Post by Olga on Feb 9, 2014 14:59:21 GMT -5
Growing up in Moscow, Russia, the milk we drank was different from what I find in local stores now. European refrigerators being so much smaller than American, our milk came in much smaller packages - the biggest one being 1 liter (1 quart). I don't know for sure, but I think it was pasteurized and probably not homogenized. Either way, when our milk went sour, it was just sour - not rancid like the American store-bought milk. Mom always made stuff from sour milk - a fresh cheese of sorts. She would put in a spoonful of kefir or riazenka or prostokvasha (all traditional sour milk products in Russia) into the milk and let it sit in the warm kitchen. When the curd would start forming, she would put the container with it into another pot with water in it and start gently heating, until the curd firmed up and floated up in the whey. Then she would pour it into a cheesecloth and hang it above the sink, where it would drip all night. Then she would get the curds out, mix it with some sour cream (and a bit of softened butter perhaps?) and sugar until it formed a smooth mass and then add raisins. Delicious!
We really valued fresh milk. In the summer, out in the countryside, mom would find someone who had goats or a cow and buy milk from them. We would go out into the woods everyday and pick wild strawberries, blueberries and raspberries; we would eat a bowl of berries with milk for breakfast and with every meal.
In the crazy times of Perestroika sometimes the milk truck, instead of going to the bottling factory, pulled up on the walkway and sold milk straight out of a nozzle in the back. A great commotion would arise, people would run home for bottles and stand in line for the opportunity to have real full-fat milk. I now wonder how really safe that was!
During our life in Algiers, when I was around 10, mother found a source for fresh cow milk too. Every week we would take a mile-long walk to a little rectangular shed with little square windows. It was no more than a concrete building with a roof, open on one side, and an isle in the middle. There were cows in individual stalls, each had a little window to look out of. As far as I know, they never left the shed. The only thing I saw them eat was day-old bread (and I mean that, it was 1 day old; the French culture was strong in Algiers, there was no "store-bought" bread; there were real bakeries that made bread every morning - bread that smelled like heaven; and so the bread that didn't get sold by the end of the day was discarded).
Now that I have my own cattle, I like to experiment with making things out of milk. Some years back I was on a kefir kick - the real kefir, made by the putting kefir grains into milk. Unfortunately, I was the only one drinking it and I was making way too much - my kefir grains were very vigorous. It ended badly for my kefir grains - I tried to starve them for too long and ended up killing them. I have better luck with freezer-kept LAB cultures that I bought from www.getculture.com years ago, they are there when I need them.

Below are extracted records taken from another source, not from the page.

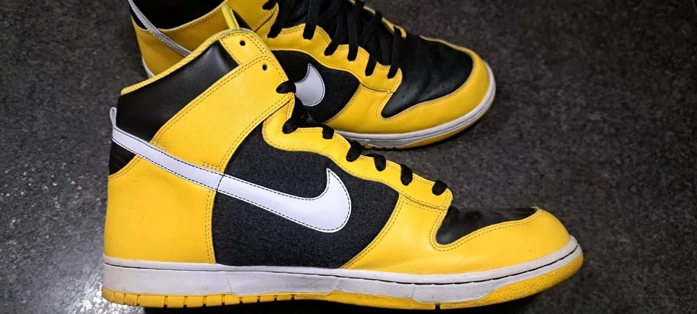 Dunk high yellow black from 2008 extreamly rare especially in this size. Pairs on goat are over $300, and there isn't a single 14 anywhere. Still wearable coming from my personal collection.
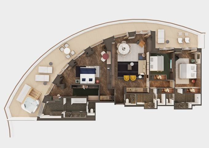 | H4 - Apatrmá he Haven Owner's Suite na zádi s velkým balkónem 41 - 43 m² / balkón 49 m². 10. - 12. paluba, Max 2-4 osoby. Výhody The Haven. | 265 261 Kč 132 631 Kč za osobu |
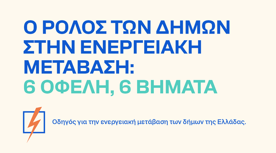 Το ευρωπαϊκό δίκτυο οργανώσεων της κοινωνίας των πολιτών Beyond Fossil Fuels σε συνεργασία με την Electra Energy, το ελληνικό γραφείο της Greenpeace και το WWF Ελλάς, δημοσιεύουν σήμερα έναν νέο οδηγό, ο οποίος περιγράφει τα οφέλη που μπορούν να έχουν οι δήμοι της Ελλάδας από τη συμβολή τους στην ενεργειακή μετάβαση της επικράτειάς τους. Ο οδηγός προτείνει συγκεκριμένα πρακτικά βήματα που μπορούν να κάνουν για την ενεργή συμμετοχή τους στην ενεργειακή μετάβαση, διανέμοντας τα οφέλη της στην τοπική κοινωνία.

But just the other day I remembered reading about "viili", a Scandinavian yogurt. In fact, there are several "northern" types of yogurt, all of them mesophilic. That means, no heating of the milk is required, it makes at room temperature. Eureka! That's how my mother made it! I don't know why it never crossed my mind before.
So now I'm off on an adventure of rediscovering!
We really valued fresh milk. In the summer, out in the countryside, mom would find someone who had goats or a cow and buy milk from them. We would go out into the woods everyday and pick wild strawberries, blueberries and raspberries; we would eat a bowl of berries with milk for breakfast and with every meal.
In the crazy times of Perestroika sometimes the milk truck, instead of going to the bottling factory, pulled up on the walkway and sold milk straight out of a nozzle in the back. A great commotion would arise, people would run home for bottles and stand in line for the opportunity to have real full-fat milk. I now wonder how really safe that was!
During our life in Algiers, when I was around 10, mother found a source for fresh cow milk too. Every week we would take a mile-long walk to a little rectangular shed with little square windows. It was no more than a concrete building with a roof, open on one side, and an isle in the middle. There were cows in individual stalls, each had a little window to look out of. As far as I know, they never left the shed. The only thing I saw them eat was day-old bread (and I mean that, it was 1 day old; the French culture was strong in Algiers, there was no "store-bought" bread; there were real bakeries that made bread every morning - bread that smelled like heaven; and so the bread that didn't get sold by the end of the day was discarded).
Now that I have my own cattle, I like to experiment with making things out of milk. Some years back I was on a kefir kick - the real kefir, made by the putting kefir grains into milk. Unfortunately, I was the only one drinking it and I was making way too much - my kefir grains were very vigorous. It ended badly for my kefir grains - I tried to starve them for too long and ended up killing them. I have better luck with freezer-kept LAB cultures that I bought from www.getculture.com years ago, they are there when I need them.
But just the other day I remembered reading about "viili", a Scandinavian yogurt. In fact, there are several "northern" types of yogurt, all of them mesophilic. That means, no heating of the milk is required, it makes at room temperature. Eureka! That's how my mother made it! I don't know why it never crossed my mind before.
So now I'm off on an adventure of rediscovering!